Calytrix mimiana

Scientific classification
- Kingdom: Plantae
- Clade: Tracheophytes
- Clade: Angiosperms
- Clade: Eudicots
- Clade: Rosids
- Order: Myrtales
- Family: Myrtaceae
- Genus: Calytrix
- Species: C. mimiana
- Binomial name: Calytrix mimiana (F.Muell.) Benth.

= Calytrix mimiana =

- Genus: Calytrix
- Species: mimiana
- Authority: (F.Muell.) Benth.

Species of flowering plant

Calytrix mimiana is a species of flowering plant in the myrtle family Myrtaceae and is endemic to the Northern Territory. It is a glabrous shrub with linear to narrowly lance-shaped leaves with the narrower end towards the base, deep pink to pinkish-mauve flowers, and about 35 to 40 white stamens in several rows, that turn pinkish as they age.

==Description==
Calytrix mimiana is a glabrous shrub that typically grows to a height of up to 1.5 m. Its leaves are linear to narrowly lance-shaped, 3–10 mm long and 0.5–0.8 mm wide with the narrower end towards the base on a petiole 0.5–1 mm long. There are stipules up to 0.4 mm long at the base of the petiole. The flowers are borne in clusters on a peduncle 0.5–1 mm long with narrowly lance-shaped bracteoles 3.5–6 mm long. The floral tube is free from the style, 6.5–8 mm long and has eight to ten ribs. The sepals are fused at the base, with egg-shaped lobes 1.0–1.25 mm long and 0.8–1 mm wide, the awn up to 7 mm long. The petals are deep pink to pinkish-mauve, elliptic to lance-shaped, 4.5–6.0 mm long and 1.75–2.5 mm wide, and there are about 30 to 35 white stamens that become pinkish after the flowers open.
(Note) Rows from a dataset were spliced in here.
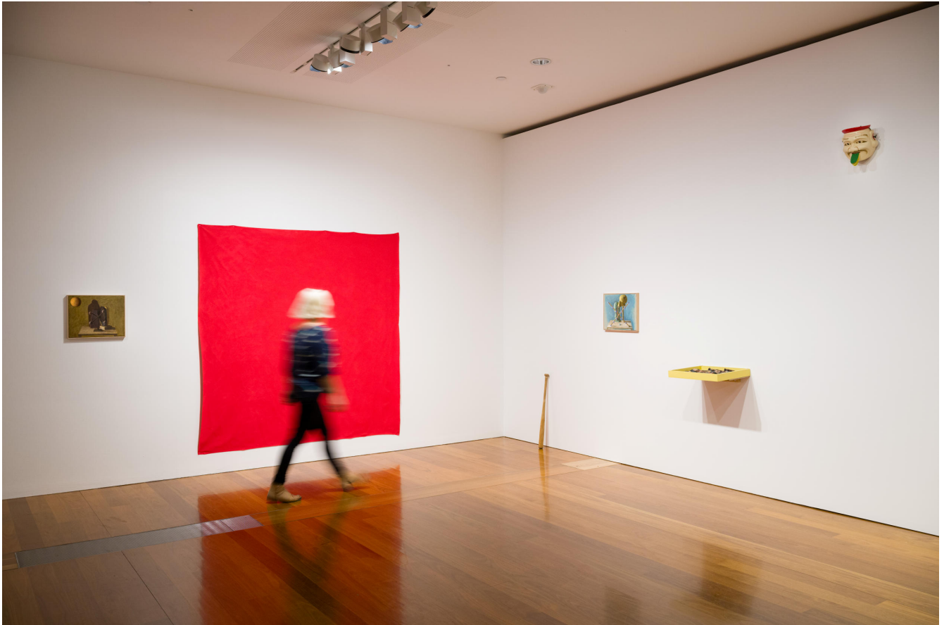
The 11th Asia Pacific Triennial of Contemporary Art, 2024-2025, Queensland Art Gallery & Gallery of Modern Art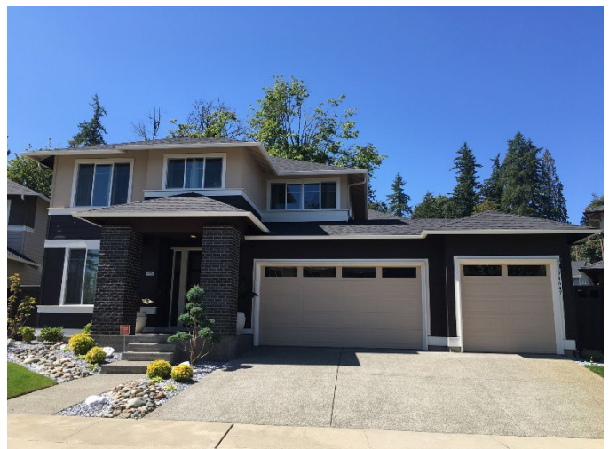
Grade 9/ Year Built 2014/ Total Living Area 3,221 sf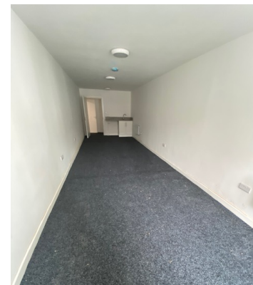
OFFICE 10 – 27 SQ.M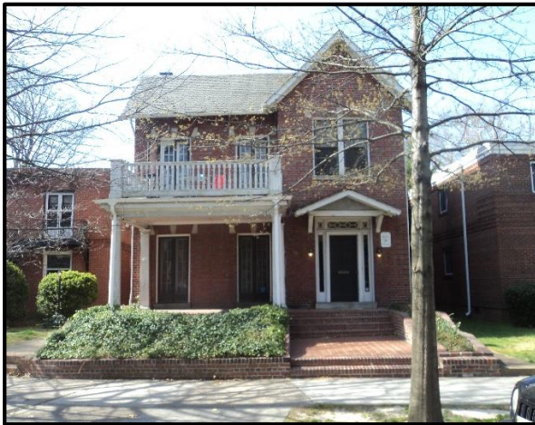
3021 Monument Avenue (April 2018)

Description of Existing Structure: The existing structure is a two story brick duplex with a frame rear addition built in 1927. The structure has been altered overtime to include the replacement of an exterior stair on the west side elevation.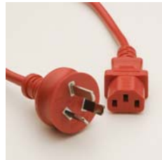
2000-883 Extension lead Adaptor (ELA) 230V AU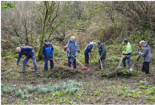
Members of the 'Tuesday Gang' at work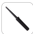
Probe adjust pen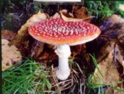
FLY AGARIC Amanita muscaria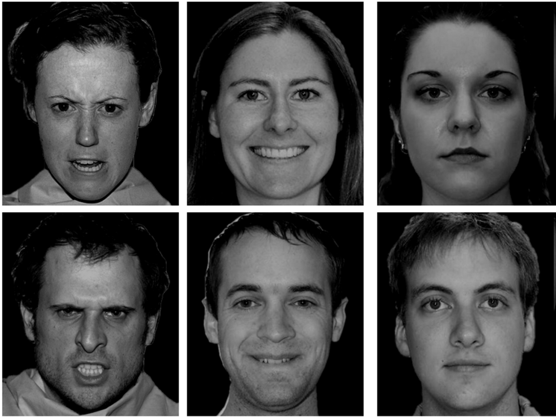
FIGURE 3 | Examples of Caucasian faces.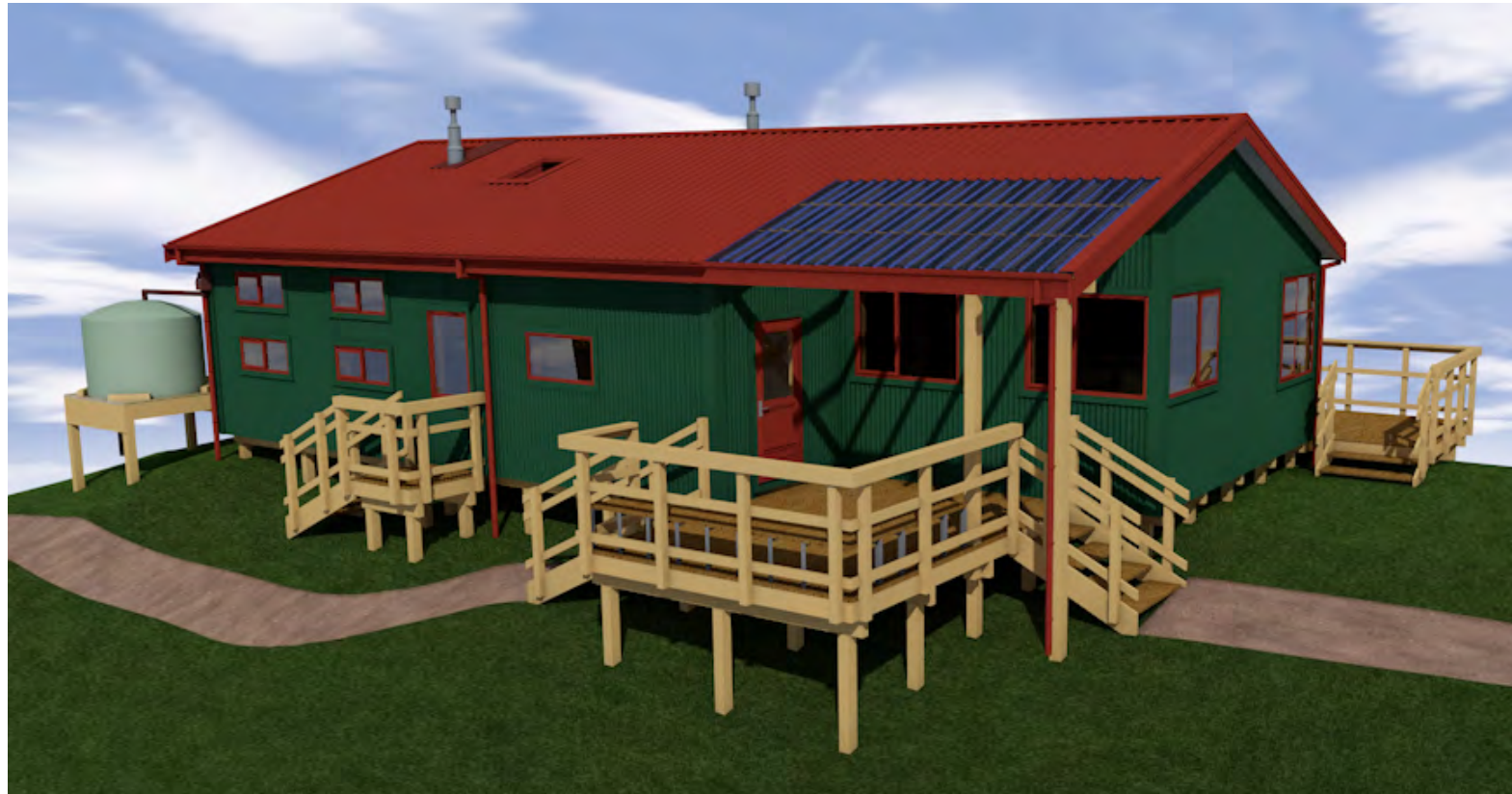
1602 Pororari Hut 3D View 1 (Green)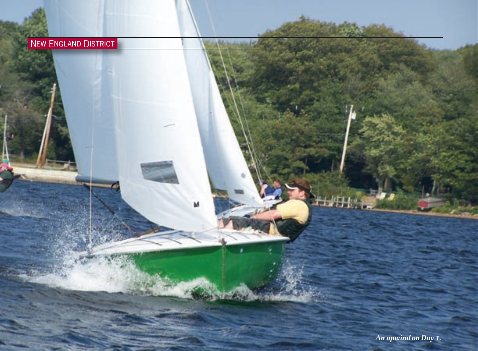
An upwind on Day 1.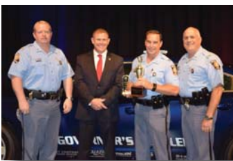
Georgia State Patrol Troop G First Place

During the annual Georgia Governor's Challenge Awards Luncheon on September 30 in Macon, Georgia State Patrol (GSP) Troops and Motor Carrier Compliance Division (MCCD) Regions were recognized for their traffic safety efforts. The awards luncheon is sponsored by the Governor's Office of Highway Safety and is a part of the IACP's NLEC program. Each year three GSP troops and three MCCD regions are recognized for their accomplishments in impaired driving, occupant protection, and speed awareness.

Flowering occurs from January to July.

==Taxonomy==
Calytrix mimiana was first formally described in 1980 by Lyndley Craven in the journal Brunonia from specimens he collected near the Caranbirini Waterhole in 1977.

==Distribution and habitat==
This species of Calytrix grows in crevices on a sandstone escarpment in the McArthur River district in the Gulf Fall and Uplands bioregion of the Northern Territory.

==Conservation status==
Calytrix mimiana is listed as of "near threatened" under the Territory Parks and Wildlife Conservation Act.